Mark Ritson talks the power of radio advertising and why marketing science is ‘shit’
Professor Mark Ritson doesn’t believe in scientific marketing. Thinks it’s “shit.” Which makes him an interesting choice to present a study that posits a rather scientific equation: that a simple 11% investment in radio advertising can double a campaign’s impact.
Well, it’s not quite that simple. There are caveats. But it leans on the only piece of scientific marketing that Professor Ritson, roundly considered one of the world’s leading marketing educators, thinks holds water: ESOV, or ‘excess share of voice’.
ESOV was identified by academic John Philip Jones in 1990, and basically posits that when a brand’s share of voice (percentage of ad spend within a category) exceeds its share of market, then the latter will grow at a reasonably predictable degree.
It amazes me that, after all this time, this gentleman’s foul mouth still fascinates Australian marketers.
There are some brands with radio as their favourite child – Frank Walker from National Tiles for one !

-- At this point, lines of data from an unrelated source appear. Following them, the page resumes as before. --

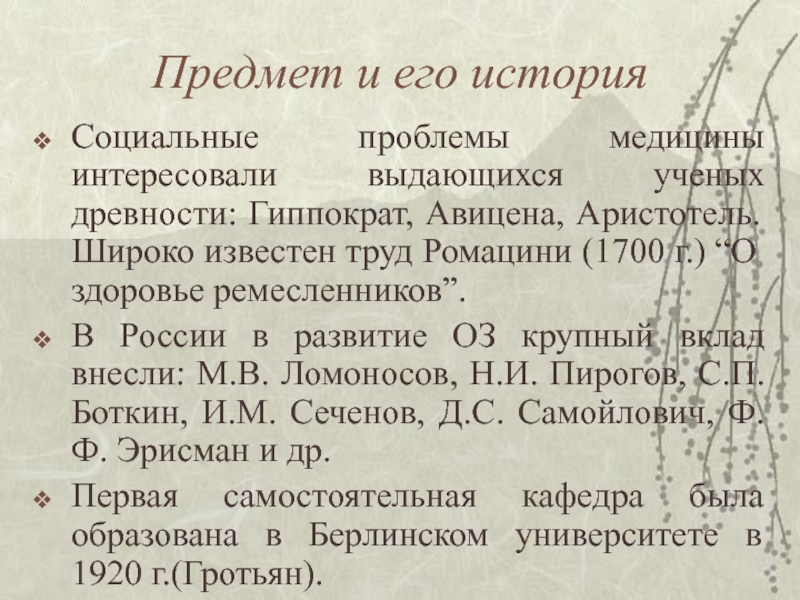 В России в развитие ОЗ крупный вклад внесли: М.В. Ломоносов, Н.И. Пирогов, С.П. Боткин, И.М. Сеченов, Д.С. Самойлович, Ф.Ф. Эрисман и др.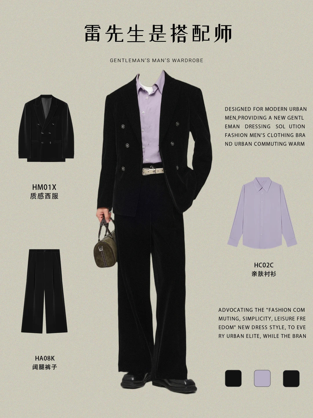 穿搭解析: 如果是晚宴婚礼或酒店内场(灯光较暗),黑色丝绒就是“吸光黑洞”,神秘又迷人。 不同于普通黑西装的沉闷,丝绒的黑色是五彩斑斓的黑,灯光一打,质感无敌。 ✨点睛之笔: 这里的内搭很大胆!选择了一件淡紫色衬衫。紫色本身就代表着浪漫与高贵,与黑色丝绒碰撞,打破了传统黑白配的单调,透露出一股“懂穿”的时髦品味,非常适合作为敬酒服或After Party的战袍。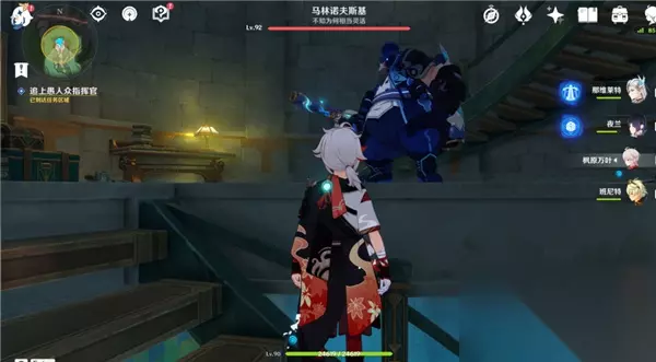 继续从上层的出入口出来,跟着指引追上愚人众指挥官;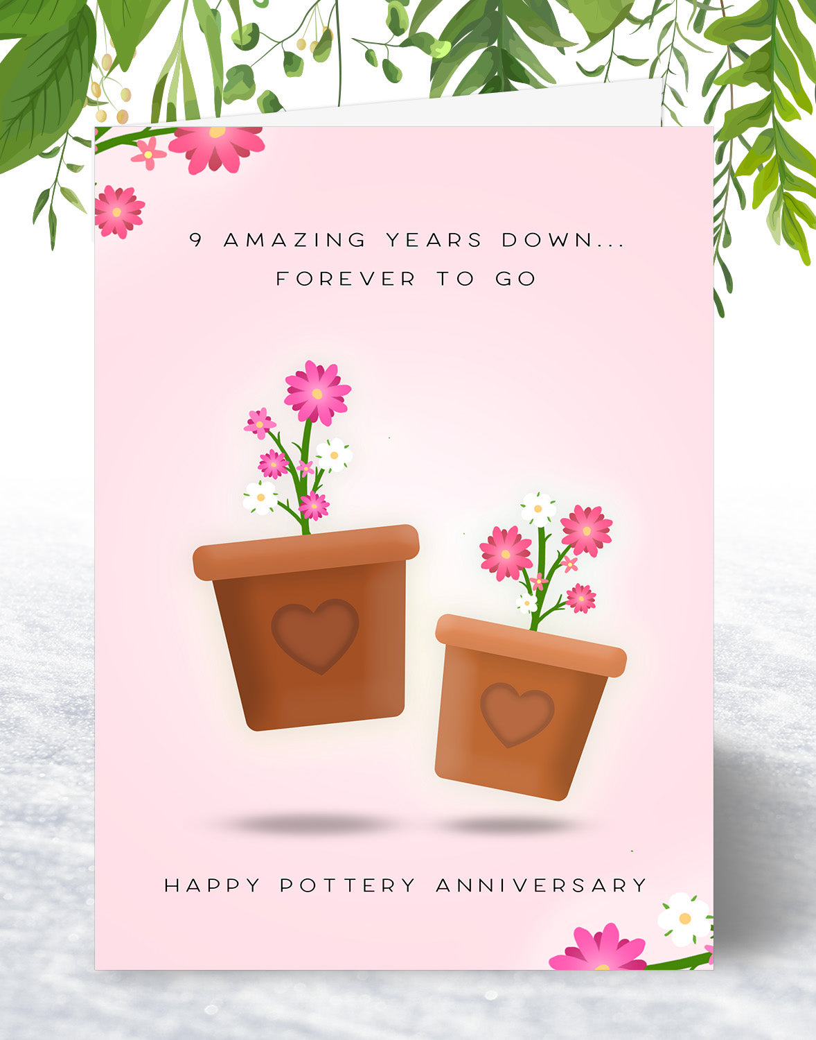 9th Anniversary Card - Pottery Wedding Anniversary Card - A5 Size Card with Grey Envelope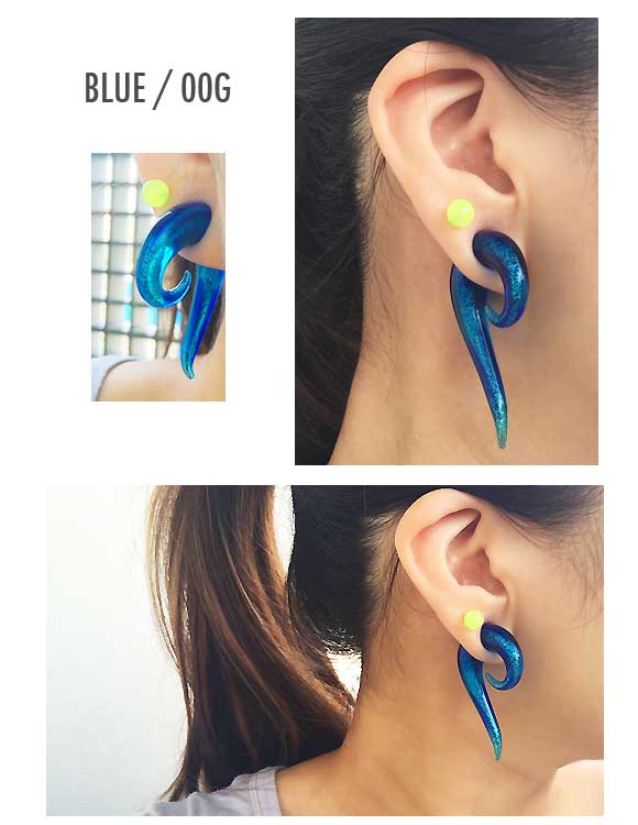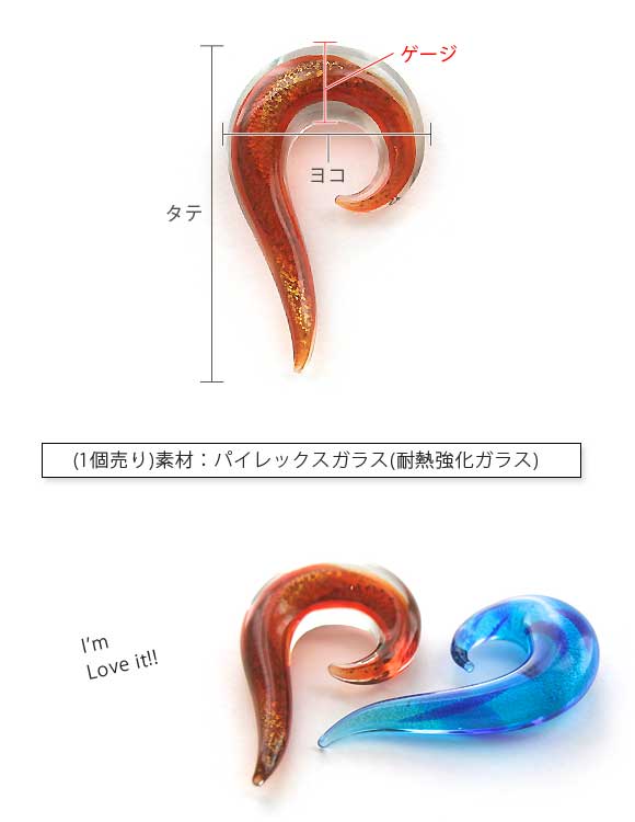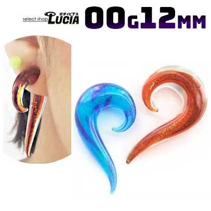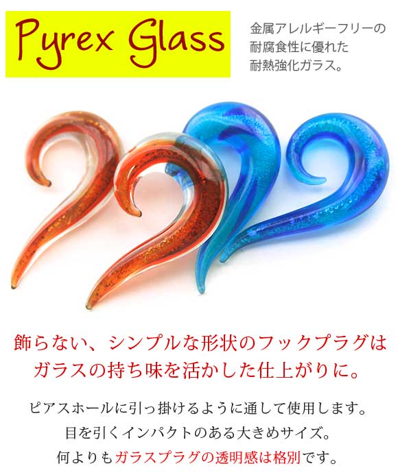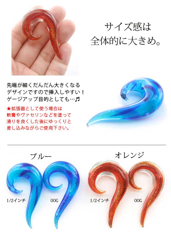 本日P2倍 00G 1/2インチボディピアス フック プラグ パイレックス ガラス プラグ ブルー オレンジ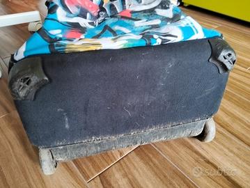 Vendo zaino per scuola usato un solo anno scolastico ancora in buone condizioni. Il manico non scende completamente e ci sono alcuni segni di usura come da foto allegate. Gli interni invece sono perfetti.
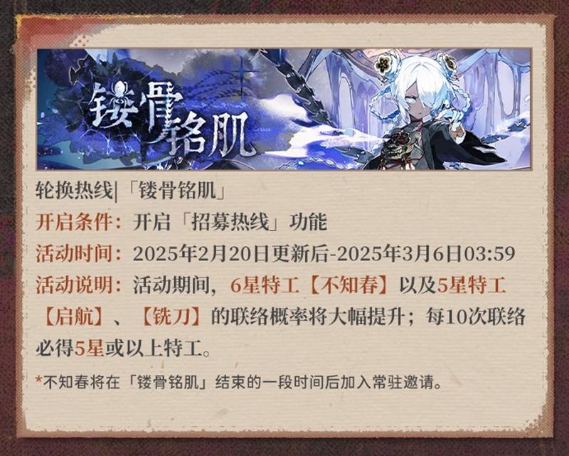 根据官方公告,不知春将会在2025年2月20日正式加入游戏。届时将会开启「镂骨铭肌」轮换招募热线,不知春将会加入卡池且获得概率UP。在卡池结束一段时间之后,不知春将会加入常驻池。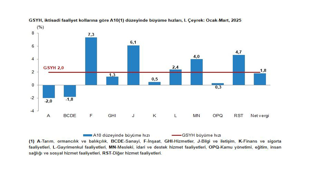 Türkiye İstatistik Kurumu (TÜİK), yılın birinci çeyreğine ilişkin dönemsel gayrisafi yurt içi hasılanın (GSYH) bir önceki yılın aynı çeyreğine göre yüzde 2 arttığını açıkladı. Türkiye ekonomisi, 2025 yılı ilk çeyreğinde yüzde 2 büyüme kaydetmiş oldu.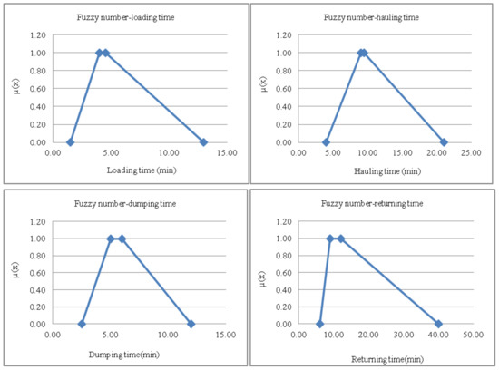 Trapezoidal and triangular membership functions were used to define the uncertainties associated with activity durations; respectively. In first case, activity durations (loading, hailing, dumping, and returning) were defined by trapezoidal fuzzy numbers. In the second case, activity durations were defined by triangular fuzzy numbers with their full membership at the median.

11% to double your effectiveness is the sort of random soundbite that the industry loves, especially when delivered by a credible frontman.
Graph 2 poses more questions than answers. Brand profit growth is the metric here to focus on … 1-2% percentage points higher max (and that is growth, not margin), long term market share growth seems lower for radio inclusive campaigns, short term growth has no difference … but then ‘retention’ is 3x the size so is acquisition.
If retention and aquisition are so much higher how come short term growth, long term growth, and profit growth are either negative or flat??
Asking on behalf of media agency ppl who will now be asked why radio isn’t 11% because Mark told them so. (and they don’t want him to name call them or say they’re sh*t/f*cked/terrible marketers even tho they did his course) [edited]
How does this equate with the growth in on demand audio? I know under 25yo’s who never listen to radio. Are podcasts and Spotify in the same category?